Closed teleyinex closed 10 years ago

teleyinex commented 12 years ago

Problem: researchers would worry about a variety of things - from people trying to actively manipulate the data based on what others have put in, to people using the data without discussing it with the researchers - if everyone had access to it from the beginning. Solution: Give the owners of the application an option to hide the data from the web access and API

@PyBossa This issue could be really interesting to discuss about it, as this option could led to projects where researchers will not release any data after a given period of time, but at the same time not offering this feature could cause that other researchers will never consider the platform as they cannot control the data at all.

I guess this is question where we need to talk and discuss with the scientists and see how we can agree in a mid term solution, where the scientists will have control in the first time over the data for publishing papers, etc. but at the same time the contributions made by the volunteers should be respected and returned to them in one way or another. For example, PyBossa will provide an option to keep the data private with a maximum deadline of one year. After that deadline is met, the data will be made public, so the user contributions will not be lost.

This is really important, because, IMHO, there is no a simple solution for this. We may find researchers that will find ok to share the data from the beginning without problems, but there will be others that will be reluctant but will want to use the platform. If they do not have a bit of control about their data, they will go away and we will miss the opportunity to explain to them why is important to share the data since the very first moment. I guess PyBossa could be used as a tool to get researchers more open about open-science and open-data if we provide a good set of tools for all of them.

We also may need to consider that some experiments run by the researchers will need actually to not show any data until all the tasks are completed, so we need to basically discuss this a bit more with scientists and researchers.

In summary, I would like to open a discussion about this issue and how do you think we should approach it.

rufuspollock commented 12 years ago

I think there are 2 separate things:

  1. What PyBossa as software can support in terms of private features
  2. What PyBossa.com supports

My answers:

  1. I think it is worth at least speccing what the minimum private data feature is (my guess is: taskruns can be set to being visible only to: app owner, taskrun doer (+ sysadmins of course). One would do this via a checkbox on app which says something like: keep data private).
    • Note I would argue against making the feature more complex (e.g. trying to build in technologically stuff like time limits - you can just do these via normal discussion
  2. I think a policy of allowing time-limited privacy is an option (you make a good case for this). I think is something where people would need to make a good case and there would be a time limitation.
teleyinex commented 12 years ago

Hi Rufus,

For a quick hack I think that what you address in point 1 for PyBossa framework is good and simple. I've contacted the researchers and invited them to add their own comments here before we take any action. Thus, let's wait and see what they think, but I think that allowing them to "hide" the data in this way it will be good for them.

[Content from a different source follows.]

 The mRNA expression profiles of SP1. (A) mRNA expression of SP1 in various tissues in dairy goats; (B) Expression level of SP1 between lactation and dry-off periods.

The time policy is an idea that I wanted to introduce, not to develop right away. The good thing is that I like that you like it :-)

tfmorris commented 11 years ago

It's a good idea to separate mechanism & policy. Policy should be decided by app creators or site administrators. In my opinion, attempting to enforce policy in an open source product is a losing battle (in addition to just being a bad idea to start with).

Researchers are going want to control "their" data as long as possible (while taking tax dollars and free volunteer labor to create "their" data in the first place), but it's not the place of a tool to attempt to change that. Policy discussions should take place with the research funders.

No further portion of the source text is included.